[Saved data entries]
____

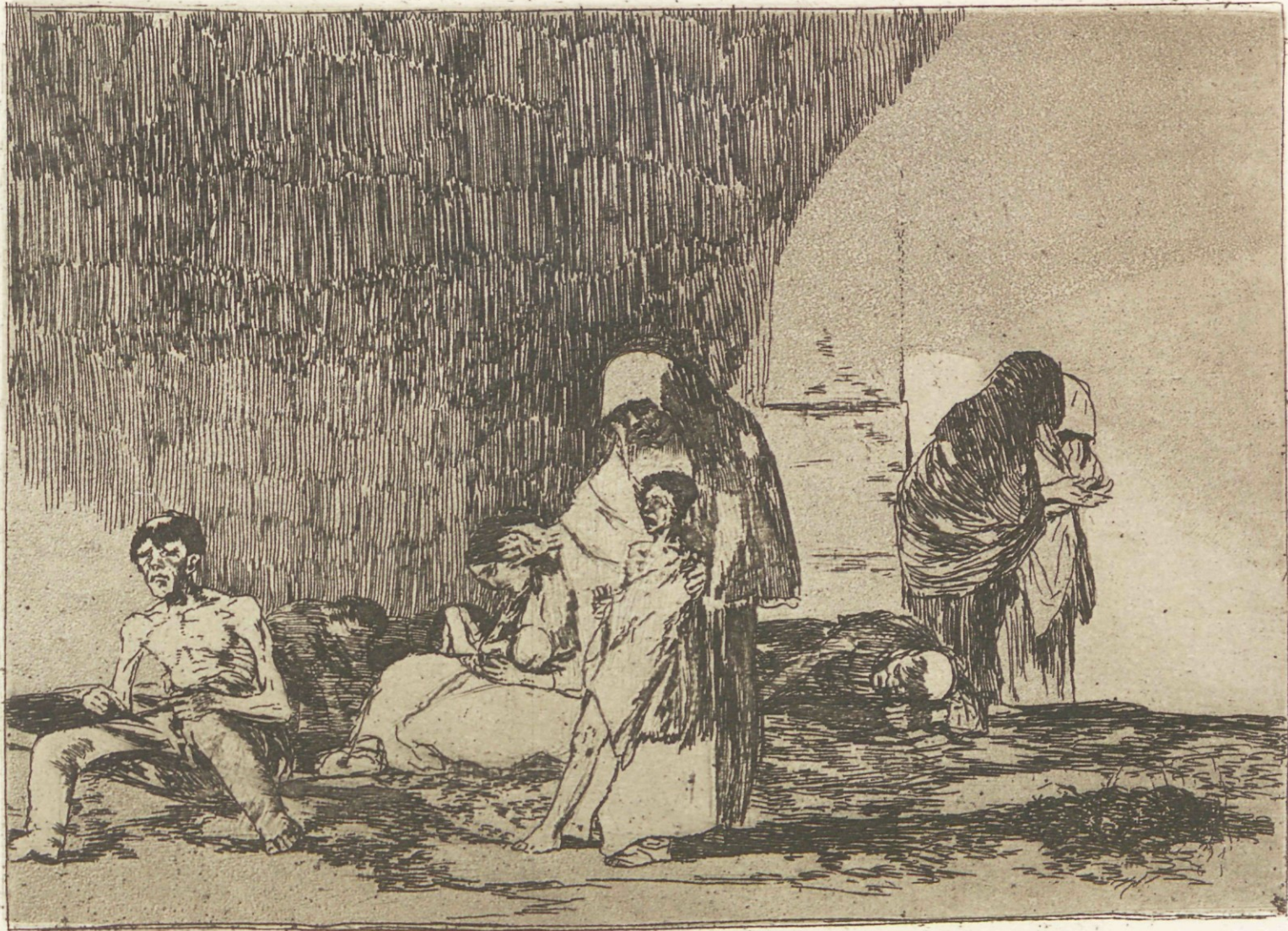
Sanos y enfermos.
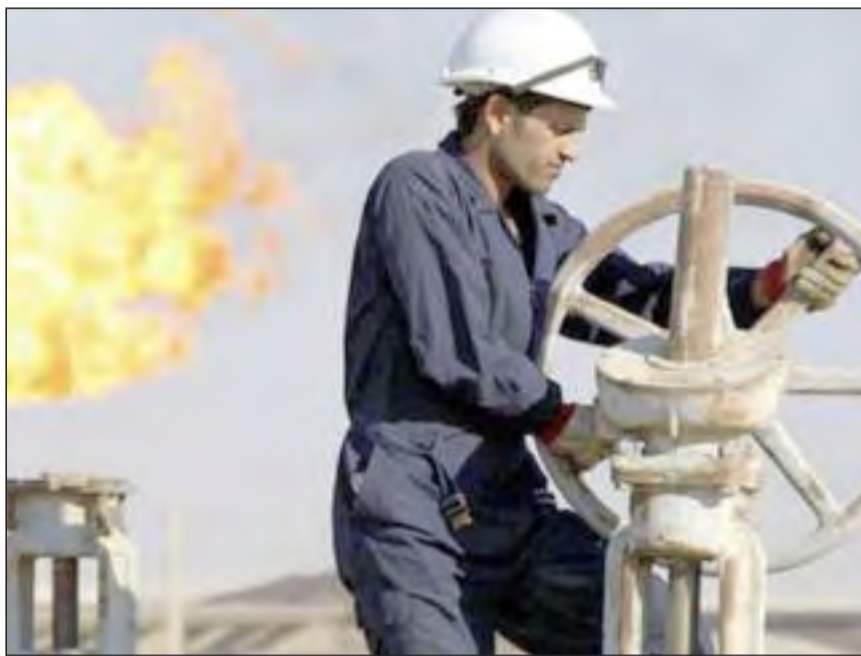
GNL et raffinage de pétrole brut : baisses de la production

Ce taux de réalisation s'explique, principalement, par des soutirages de gaz naturel supérieurs aux prévisions, notamment de Sonelgaz (taux de réalisation de 120%) et des gazoducs à l'export.
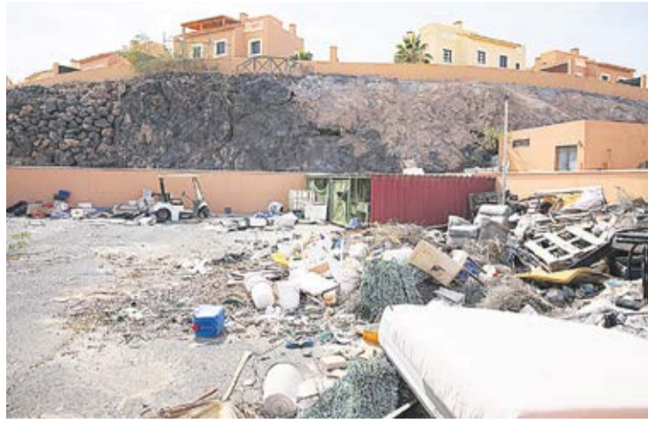
Estado de abandono de alguna de las zonas comunes.

El aspecto del campo de golf central es desolador: todo el terreno y vegetación se ha secado y en la antigua recepción del complejo han abierto un restaurante privado. Una vecina italiana que conocía el complejo cuando funcionaba como resort con campo de golf y que entró
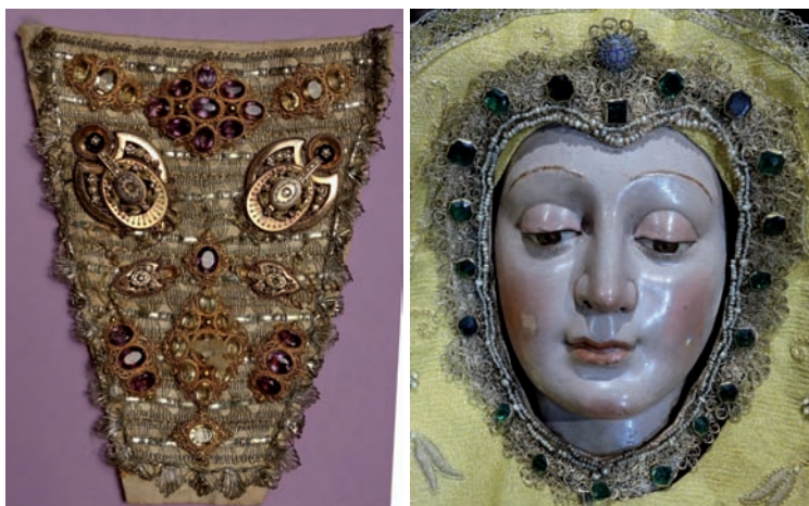
Fig. 14. Peto con joyas inglesas sobrepuestas. Siglo XIX.
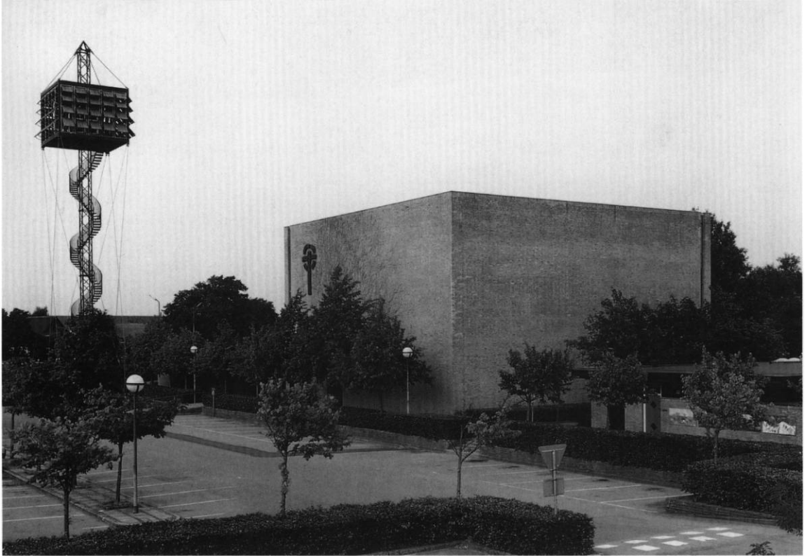
Fig. 2. Kirken set fra sydvest med fritstående klokketårn tv. HW fot. 1997. - Südwestansicht der Kirche mit freistehendem Glockenturm.

Kirkens øst- og vestfacade smykkes siden 1986 af to identiske kors af støbejern, 3,5x2 m, udformet som cirkelkors. De er tegnet af billedhuggeren Erik Heide og udført af Morsø Jernstøberi.
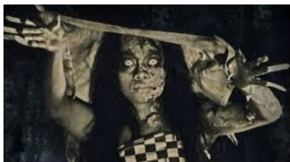
Gambar 8. Hantu Laek

Beberapa kepercayaan mengatakan bahwa ramuan khusus dapat mengubah Leak menjadi bentuk hewan.
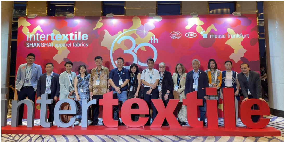
AFTEX Delegation Group Photo

InterContinental Shanghai Hongqiao Hotel ၌ ပြုလုပ်သည့် Intertextile 30 th Anniversary Gala Dinner သို့ ASEAN Federation of Textile Industries (AFTEX) အဖွဲ့ဝင်များနှင့်အတူ MGMA အလုပ်အမှုဆောင်အဖွဲ့ဝင်များနှင့် မန်နေဂျင်းဒါရိုက်တာတို့တက်ရောက်ခဲ့ကြသည်။
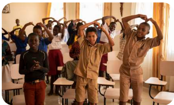
Podopieczni Adopcji Serca z Kabgayi.

Zgromadzenie Sióstr Pallotynek prowincji Rwanda-Kongo-Uganda
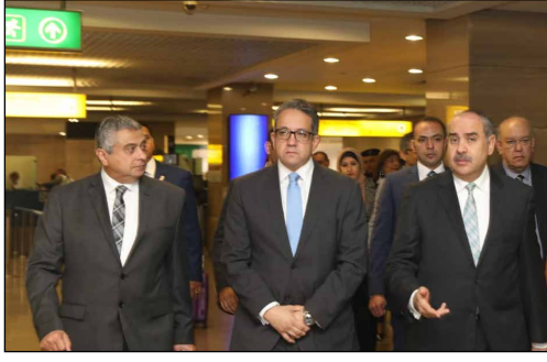
جولة وزير السياحة والآثار، والطيران المدني داخل مطار القاهرة الدولي

في إطار التنسيق والتعاون الدائم و المثمر بين وزارتي السياحة والآثار و الطيران المدني من أجل تشييط الحركة السياحية و الجوية الوافدة الى جمهورية مصر العربية ، قام وزير السياحة و الآثار ووزير الطيران المدني بجولة ميدانية داخل مطار القاهرة الدولي لتفقد المكاتب السياحية التابعة لوزارة السياحة والآثار و ذلك للوقوف على حالتها الراهنة ومدى كفاءتها لخدمة السائحين، كما تفقدا القاعات الجديدة التي تم تخصيصها لإقامة متحفين للآثار داخل المطار، وقد أوصى وزير السياحة والآثار برفع كفاءة المكاتب الخاصة بوزارة السياحة والآثار عن طريق توفير عدد أكبر من النشرات السياحية والأثرية وشاشات عرض الأفلام الوثائقية لأهم المناطق السياحية بمصر.، وأعقب هذه الجولة اجتماع تنسيقي بين الوزيرين لمناقشة كافة سبل التعاون.
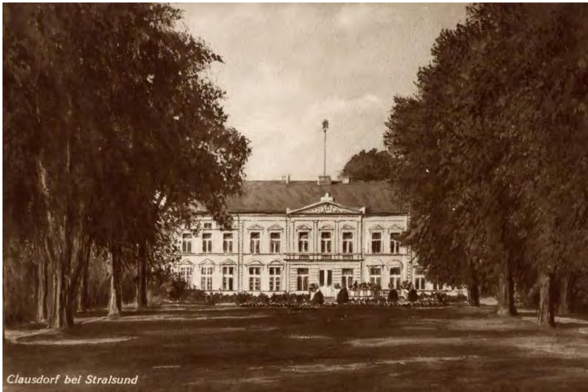
Clausdorf bei Stralsund Herrenhaus Klausdorf, Postkarte um 1920
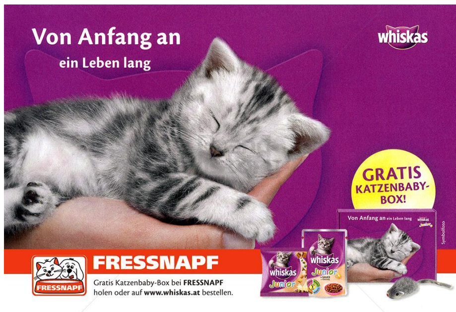
Abbildung 1: Von Anfang an ein Leben lang
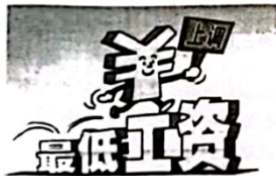
A. 提高最低工资标准，消除收入差距
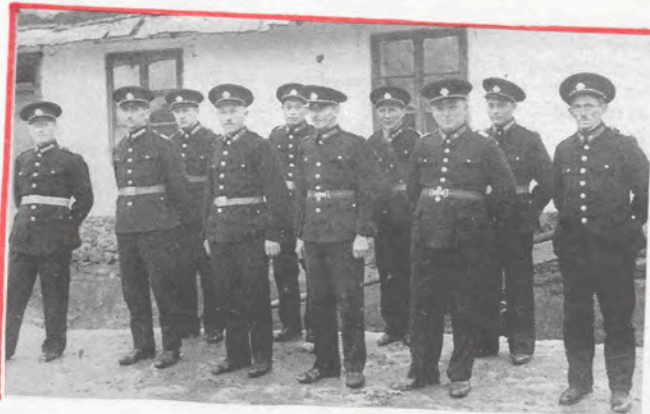
Poslední členi SDH Žemouka okolo roku 1947
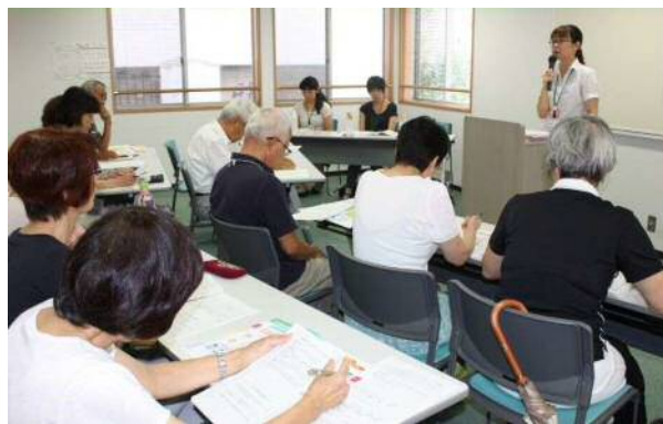
介護保険講習会。講師は市の介護保険課広瀬係長
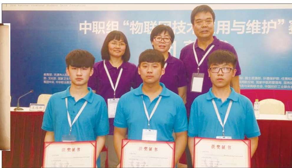
济南信息工程学校技能大赛夺冠

全国职业院校技能大赛“物联网技术应用与维护”比赛设立四年，济南信息工程学校年年摘牌，其中2015年、2016年夺得两连冠。在“计算机硬件检测维护与数据恢复”的国赛中，该校近几年也是接连摘金夺银。技能大赛的参赛不仅仅给学校带来了成绩，促进了学生的成长，更带动了品牌专业的建设。
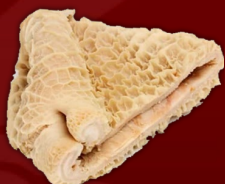
PANZA DE RES
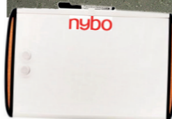
Whiteboard-tavlor ska sättas upp i alla verksamhetslokaler.

nya informationstavlorna att vara på plats inom kort,

____

Aim of the task: What you give back should be exactly the lines from the top of the data above down to and including the line with "AFTEX Delegation Group Photo", minus any pictures.

Result below:
Sanos y enfermos.
GNL et raffinage de pétrole brut : baisses de la production

Ce taux de réalisation s'explique, principalement, par des soutirages de gaz naturel supérieurs aux prévisions, notamment de Sonelgaz (taux de réalisation de 120%) et des gazoducs à l'export.
Estado de abandono de alguna de las zonas comunes.

El aspecto del campo de golf central es desolador: todo el terreno y vegetación se ha secado y en la antigua recepción del complejo han abierto un restaurante privado. Una vecina italiana que conocía el complejo cuando funcionaba como resort con campo de golf y que entró
Fig. 14. Peto con joyas inglesas sobrepuestas. Siglo XIX.
Fig. 2. Kirken set fra sydvest med fritstående klokketårn tv. HW fot. 1997. - Südwestansicht der Kirche mit freistehendem Glockenturm.

Kirkens øst- og vestfacade smykkes siden 1986 af to identiske kors af støbejern, 3,5x2 m, udformet som cirkelkors. De er tegnet af billedhuggeren Erik Heide og udført af Morsø Jernstøberi.
Gambar 8. Hantu Laek

Beberapa kepercayaan mengatakan bahwa ramuan khusus dapat mengubah Leak menjadi bentuk hewan.
AFTEX Delegation Group Photo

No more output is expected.